→ Problem to work on: In your copy of the data, omit the pictures and keep all else exactly as given.

→ Data block:
○ ○ ○ ○ ○ ○ ○

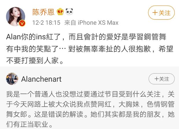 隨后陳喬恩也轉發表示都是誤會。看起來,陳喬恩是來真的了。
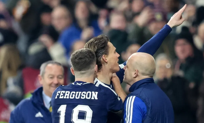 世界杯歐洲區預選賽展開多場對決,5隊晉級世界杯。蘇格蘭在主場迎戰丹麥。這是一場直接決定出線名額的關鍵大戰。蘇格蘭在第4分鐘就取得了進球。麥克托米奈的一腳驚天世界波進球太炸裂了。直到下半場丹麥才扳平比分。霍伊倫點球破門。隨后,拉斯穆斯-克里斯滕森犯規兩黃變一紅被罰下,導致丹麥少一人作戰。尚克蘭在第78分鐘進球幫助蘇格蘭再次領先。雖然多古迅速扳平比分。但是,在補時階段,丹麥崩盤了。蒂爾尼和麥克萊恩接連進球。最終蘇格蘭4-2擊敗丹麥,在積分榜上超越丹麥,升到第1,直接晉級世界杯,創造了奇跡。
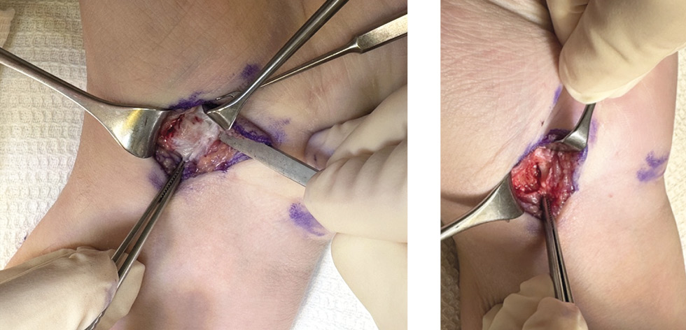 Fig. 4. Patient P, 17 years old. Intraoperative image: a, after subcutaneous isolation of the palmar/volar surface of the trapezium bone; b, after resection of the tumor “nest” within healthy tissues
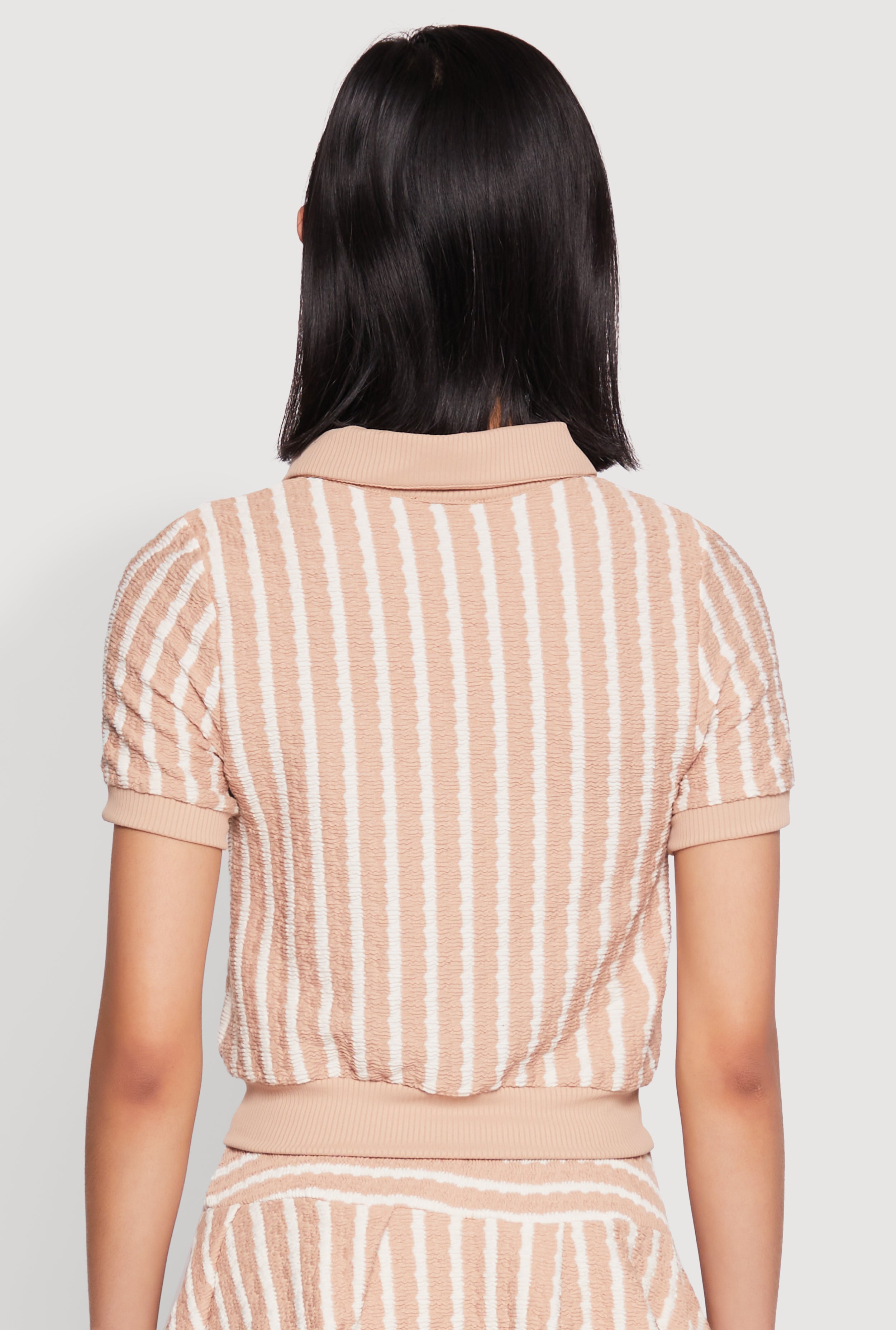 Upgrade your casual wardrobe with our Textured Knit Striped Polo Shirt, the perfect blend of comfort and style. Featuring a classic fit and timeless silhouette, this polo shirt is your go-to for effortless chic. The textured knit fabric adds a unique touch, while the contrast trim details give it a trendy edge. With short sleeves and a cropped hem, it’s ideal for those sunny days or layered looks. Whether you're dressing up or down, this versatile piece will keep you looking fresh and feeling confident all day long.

○ ○ ○ ○ ○ ○ ○

→ Solution for this task:
 隨后陳喬恩也轉發表示都是誤會。看起來,陳喬恩是來真的了。
 世界杯歐洲區預選賽展開多場對決,5隊晉級世界杯。蘇格蘭在主場迎戰丹麥。這是一場直接決定出線名額的關鍵大戰。蘇格蘭在第4分鐘就取得了進球。麥克托米奈的一腳驚天世界波進球太炸裂了。直到下半場丹麥才扳平比分。霍伊倫點球破門。隨后,拉斯穆斯-克里斯滕森犯規兩黃變一紅被罰下,導致丹麥少一人作戰。尚克蘭在第78分鐘進球幫助蘇格蘭再次領先。雖然多古迅速扳平比分。但是,在補時階段,丹麥崩盤了。蒂爾尼和麥克萊恩接連進球。最終蘇格蘭4-2擊敗丹麥,在積分榜上超越丹麥,升到第1,直接晉級世界杯,創造了奇跡。
 Fig. 4. Patient P, 17 years old. Intraoperative image: a, after subcutaneous isolation of the palmar/volar surface of the trapezium bone; b, after resection of the tumor “nest” within healthy tissues
 Upgrade your casual wardrobe with our Textured Knit Striped Polo Shirt, the perfect blend of comfort and style. Featuring a classic fit and timeless silhouette, this polo shirt is your go-to for effortless chic. The textured knit fabric adds a unique touch, while the contrast trim details give it a trendy edge. With short sleeves and a cropped hem, it’s ideal for those sunny days or layered looks. Whether you're dressing up or down, this versatile piece will keep you looking fresh and feeling confident all day long.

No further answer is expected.